Data follows below. Repeat exactly the lines between the line holding "An der Grundstücksgrenze" and the line holding "Ενδεικτικό είναι ότι", inclusive, and nothing more; drop pictures.

Data for analysis =>
····················
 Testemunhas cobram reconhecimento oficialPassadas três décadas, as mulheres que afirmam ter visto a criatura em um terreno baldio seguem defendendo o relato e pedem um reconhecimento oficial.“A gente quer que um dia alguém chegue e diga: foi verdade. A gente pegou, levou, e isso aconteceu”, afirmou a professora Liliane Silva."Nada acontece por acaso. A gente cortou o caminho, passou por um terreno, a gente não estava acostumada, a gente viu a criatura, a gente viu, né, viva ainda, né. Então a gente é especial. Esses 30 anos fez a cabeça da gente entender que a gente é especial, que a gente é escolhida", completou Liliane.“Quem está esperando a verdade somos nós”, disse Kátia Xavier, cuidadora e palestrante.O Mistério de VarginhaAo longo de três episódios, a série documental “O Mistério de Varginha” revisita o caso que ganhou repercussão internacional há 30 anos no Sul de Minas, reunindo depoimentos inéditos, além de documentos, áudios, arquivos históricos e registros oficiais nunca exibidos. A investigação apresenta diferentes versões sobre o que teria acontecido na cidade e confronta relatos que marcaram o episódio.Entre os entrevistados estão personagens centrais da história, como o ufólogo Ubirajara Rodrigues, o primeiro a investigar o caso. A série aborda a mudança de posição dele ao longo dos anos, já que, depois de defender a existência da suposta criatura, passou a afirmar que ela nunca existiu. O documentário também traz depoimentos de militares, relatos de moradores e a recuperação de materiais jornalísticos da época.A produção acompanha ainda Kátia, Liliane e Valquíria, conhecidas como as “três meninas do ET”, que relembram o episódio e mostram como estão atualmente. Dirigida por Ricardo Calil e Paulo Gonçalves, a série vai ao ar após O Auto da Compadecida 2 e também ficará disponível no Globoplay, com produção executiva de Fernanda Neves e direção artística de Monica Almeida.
····················
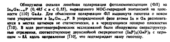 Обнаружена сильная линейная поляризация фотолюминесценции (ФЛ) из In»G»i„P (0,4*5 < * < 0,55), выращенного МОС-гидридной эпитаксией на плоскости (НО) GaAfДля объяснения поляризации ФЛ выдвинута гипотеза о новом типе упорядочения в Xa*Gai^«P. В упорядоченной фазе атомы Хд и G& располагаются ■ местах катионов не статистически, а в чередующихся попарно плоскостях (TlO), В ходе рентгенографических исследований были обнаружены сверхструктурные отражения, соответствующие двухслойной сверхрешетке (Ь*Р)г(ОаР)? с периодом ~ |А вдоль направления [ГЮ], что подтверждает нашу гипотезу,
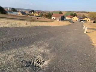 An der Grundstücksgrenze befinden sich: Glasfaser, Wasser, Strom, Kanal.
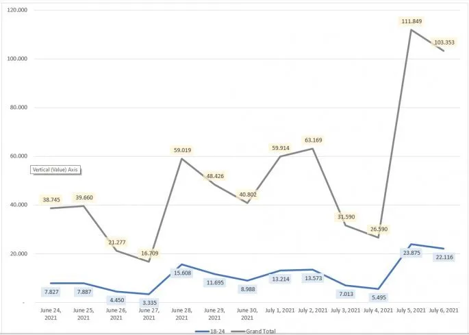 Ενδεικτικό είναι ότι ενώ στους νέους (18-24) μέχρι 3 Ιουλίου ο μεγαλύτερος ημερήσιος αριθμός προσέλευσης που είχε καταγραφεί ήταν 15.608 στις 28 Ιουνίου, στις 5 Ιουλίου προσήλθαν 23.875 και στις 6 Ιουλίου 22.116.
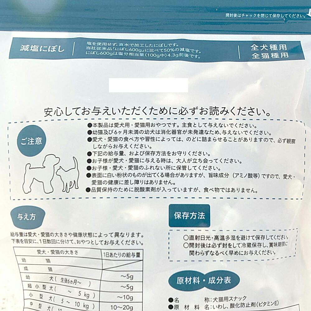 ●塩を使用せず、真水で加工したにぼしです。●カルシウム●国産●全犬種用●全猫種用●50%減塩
····················
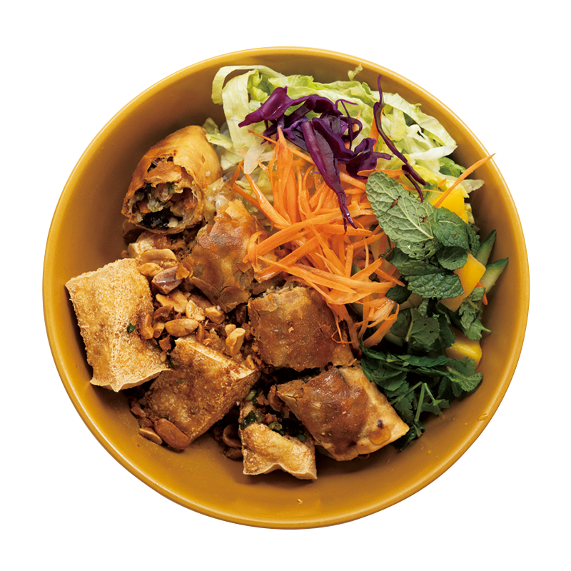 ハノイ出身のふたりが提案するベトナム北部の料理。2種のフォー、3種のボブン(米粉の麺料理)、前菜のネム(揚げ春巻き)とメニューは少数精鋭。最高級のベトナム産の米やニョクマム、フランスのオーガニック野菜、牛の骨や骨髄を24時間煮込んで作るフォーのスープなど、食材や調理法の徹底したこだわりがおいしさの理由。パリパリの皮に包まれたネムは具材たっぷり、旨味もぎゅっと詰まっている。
····················
Exercise solution =>
 An der Grundstücksgrenze befinden sich: Glasfaser, Wasser, Strom, Kanal.
 Ενδεικτικό είναι ότι ενώ στους νέους (18-24) μέχρι 3 Ιουλίου ο μεγαλύτερος ημερήσιος αριθμός προσέλευσης που είχε καταγραφεί ήταν 15.608 στις 28 Ιουνίου, στις 5 Ιουλίου προσήλθαν 23.875 και στις 6 Ιουλίου 22.116.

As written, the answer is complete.